A case of the same kind, but of still greater interest, is that of Mary Anne M'Conkey, who was tried at the Monaghan Assizes in 1841 for the murder of her husband. I am indebted for the particulars to Dr. Geoghegan, one of the principal Crown witnesses. The prisoner who had been too intimate with another man, and had been heard to express her intention of getting rid of her husband, was observed one day before dinner to separate some greens for him from the plateful intended for the rest of the family. None of the latter suffered at all. But her husband was taken violently ill immediately after dinner, and died; and a neighbour accidentally present, who partook, though sparingly, of the same dish with him, was also similarly and violently affected but recovered. The deceased before finishing the greens said they had a disagreeable sharp taste, and was seized soon after with burning at the heart, tenderness at the pit of the stomach, vomiting, coldness, a sense of biting in the tongue and tingling through the whole flesh, excessive restlessness, occasional incoherence, locked-jaw, clenching of the hands, and frothing at the mouth; and he expired three hours after the meal.

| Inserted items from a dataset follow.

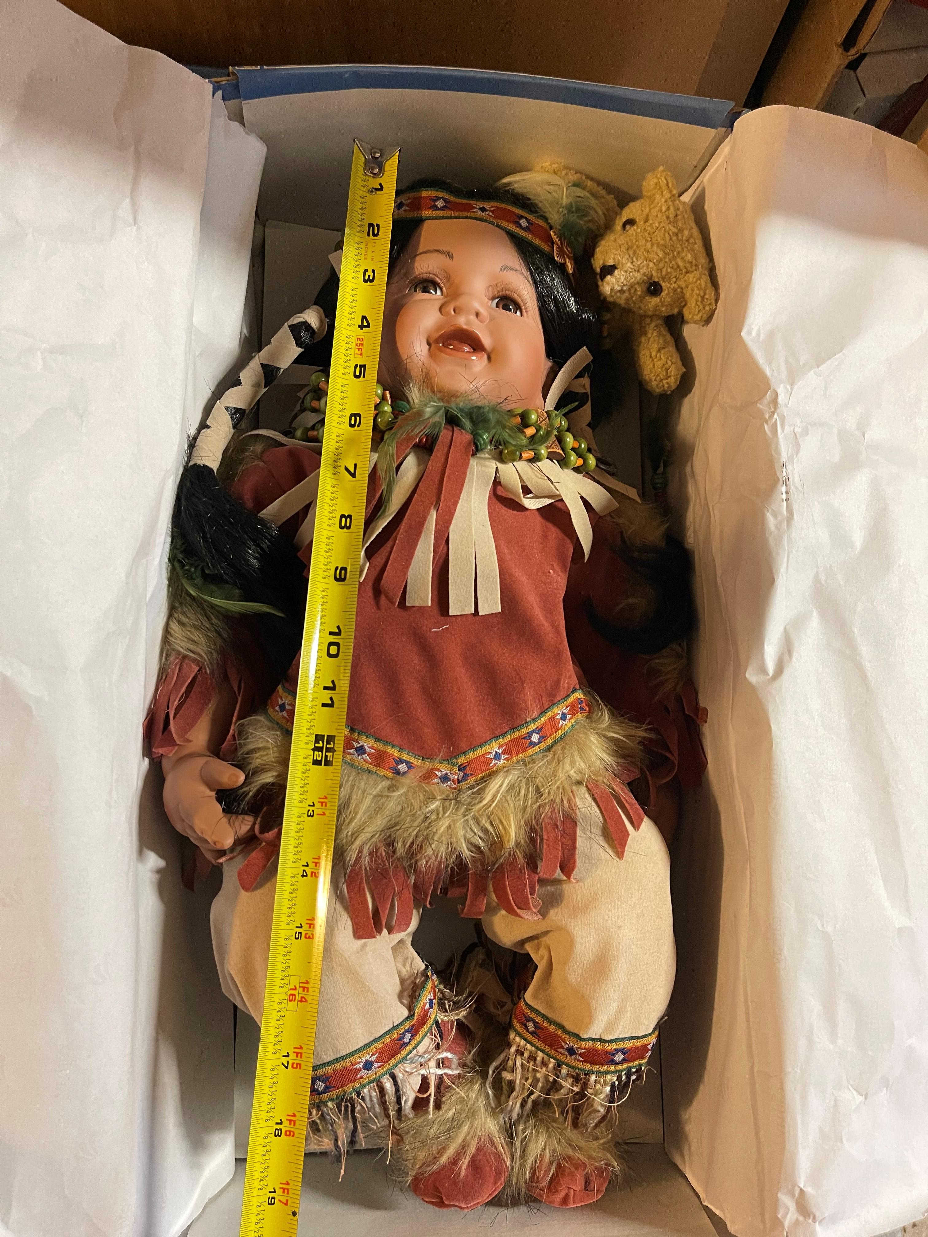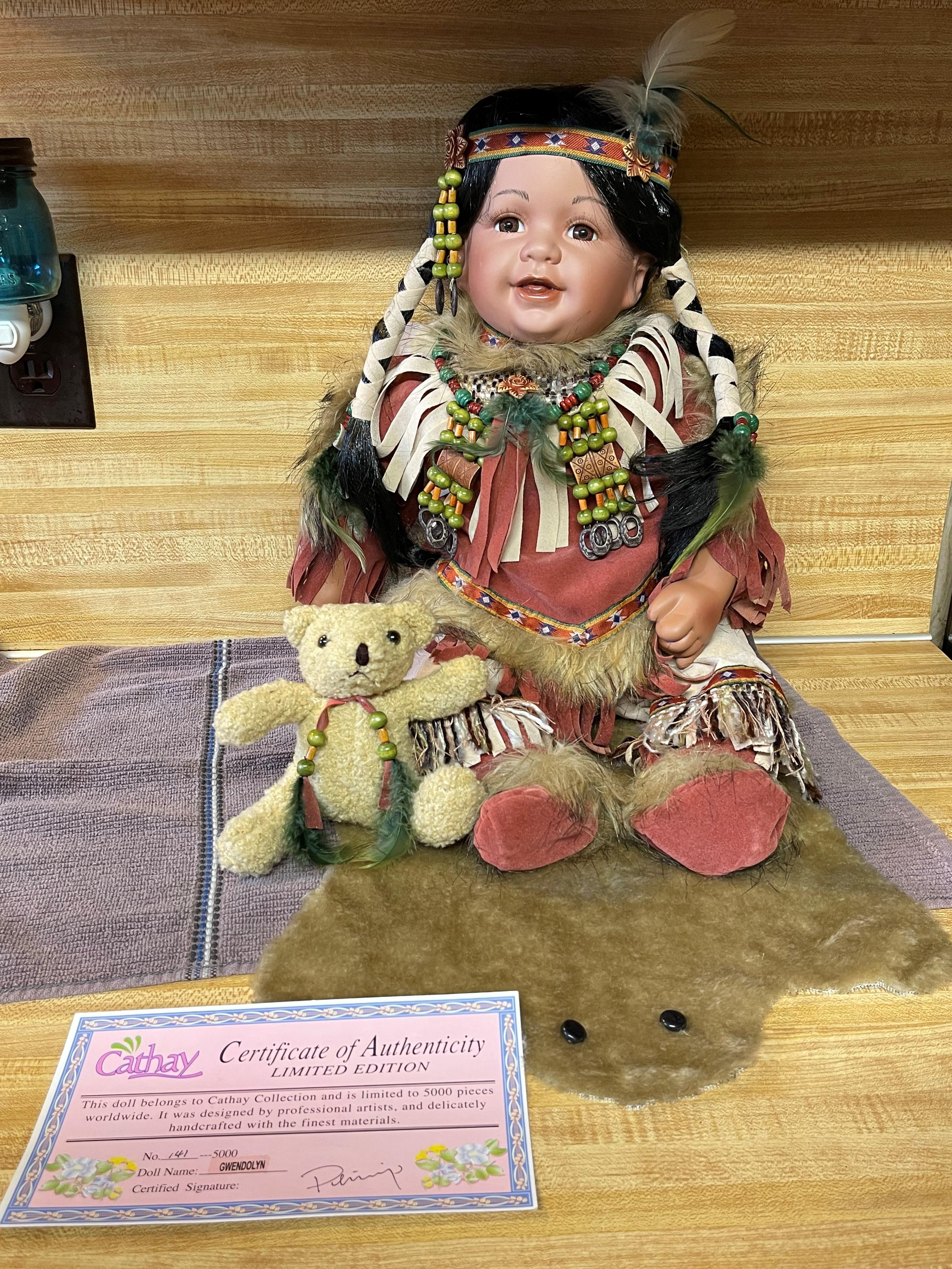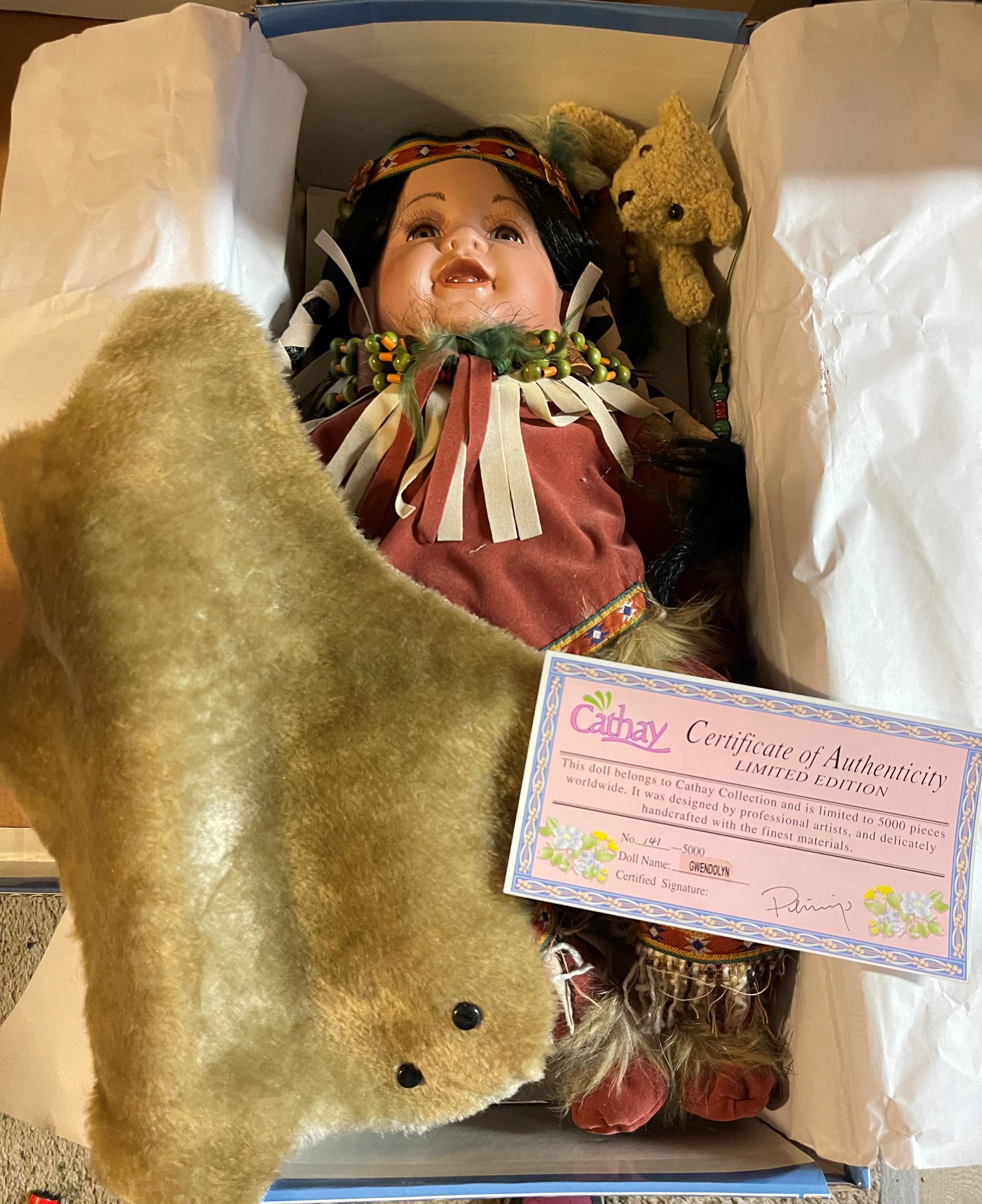 Limited Edition Cathay Collection Porcelain "Gwendolyn" Doll 141 of 5000 With Certificate of Authenticity. Mint condition in box, only been out of box for pictures to list for sale. Native doll, with rug and teddy bear. Approximately 19 inches long, 15 inches high in a sitting position.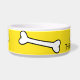 Weiße Keramik Hundefutter / Wasserschüssel, mit Gelb, um die Außenseite. Graphics of Cartoon Knochen, laufen um die Außenseite der Schüssel. Schwarzer, benutzerdefinierter Text auf der Vorderseite, ist bereit, zu personalisieren, für Ihr Haustier oder als eine tolle Geschenkidee für jeden Haustierbesitzer. Es stehen passende Heimtierprodukte zur Verfügung.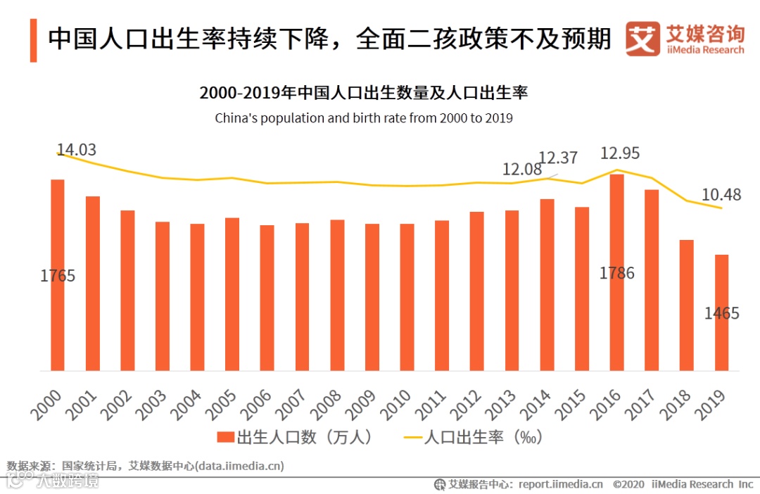 图表4:2000-2019年中国人口出生数量及人口出生率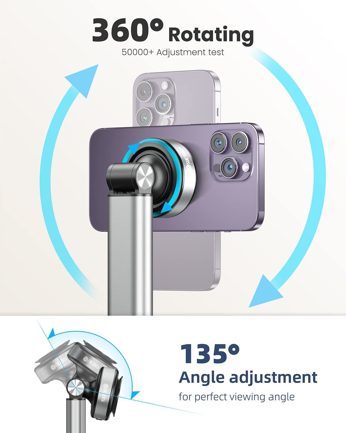 • [Vacuum Adsorption]: Say goodbye to the cumbersome installation process of traditional mobile phone stand. This innovative design phone holder uses vacuum adsorption, put the electronic device parallel to the vacuum suction cup head, and push it firmly against the suction cup, it can be firmly fixed. The maximum suction power can reach up to 11LB(5Kg).

His neighbour, two minutes after finishing his greens, experienced a sense of pricking in the mouth and burning in the throat, gullet, and stomach; then salivation, a feeling of swelling in the face without actual fulness, general numbness and creeping in the skin; next excessive

  1. Marx, die Lehre von den Giften, i. ii. 429, from Hitzig's Zeitschrift für die Criminal-Rechts-Pflege, I. i. 1.